[WHAT IS EXPECTED] Write out exactly every line from the one containing "Every time somebody mentions the" through the final line of the material below, both included. Pictures are to be skipped.

[DATA EXCERPT]
= = = =
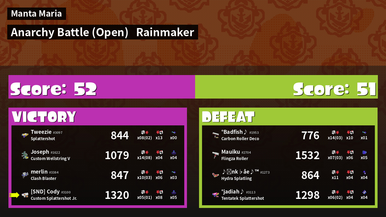 | Mode | Rainmaker - Anarchy Battle (Open) | ||
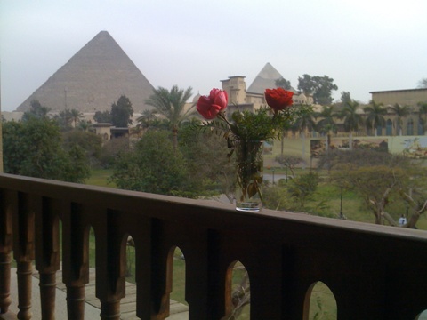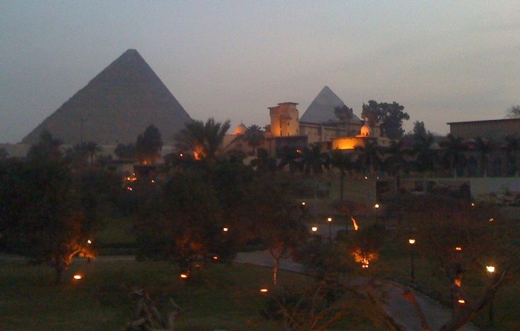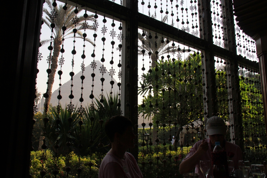 Every time somebody mentions the Mena House, or I see a picture of it somewhere,  my heart stops a little – why?  Because two years ago I spent 5 nights  there. No, I am not famous or rich, but when I booked my second tour to Egypt in 2012, staying at the MENA HOUSE had been one of my requests. And I was lucky. Maybe my luck was due to the drop in  tourism, the result of the revolution in 2011 and the continues unrest. Maybe having fewer guests made them welcome mere mortal like me. From the balcony of my room –  there –  very close by, stood the Pyramids – I saw them in the morning mist, in bright sunlight, and at dusk, before they disappeared for the night.
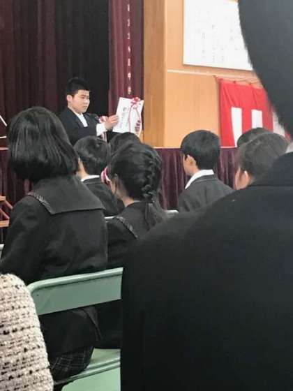 新入生代表がしっかりとした口調で初々しく喜びことばを言ってくれました。それを受けて在校生を代表して生徒会長が先輩らしく落ち着いて歓迎なことばで迎えてくれました。
= = = =
[FINISHED TASK]
 Every time somebody mentions the Mena House, or I see a picture of it somewhere,  my heart stops a little – why?  Because two years ago I spent 5 nights  there. No, I am not famous or rich, but when I booked my second tour to Egypt in 2012, staying at the MENA HOUSE had been one of my requests. And I was lucky. Maybe my luck was due to the drop in  tourism, the result of the revolution in 2011 and the continues unrest. Maybe having fewer guests made them welcome mere mortal like me. From the balcony of my room –  there –  very close by, stood the Pyramids – I saw them in the morning mist, in bright sunlight, and at dusk, before they disappeared for the night.
 新入生代表がしっかりとした口調で初々しく喜びことばを言ってくれました。それを受けて在校生を代表して生徒会長が先輩らしく落ち着いて歓迎なことばで迎えてくれました。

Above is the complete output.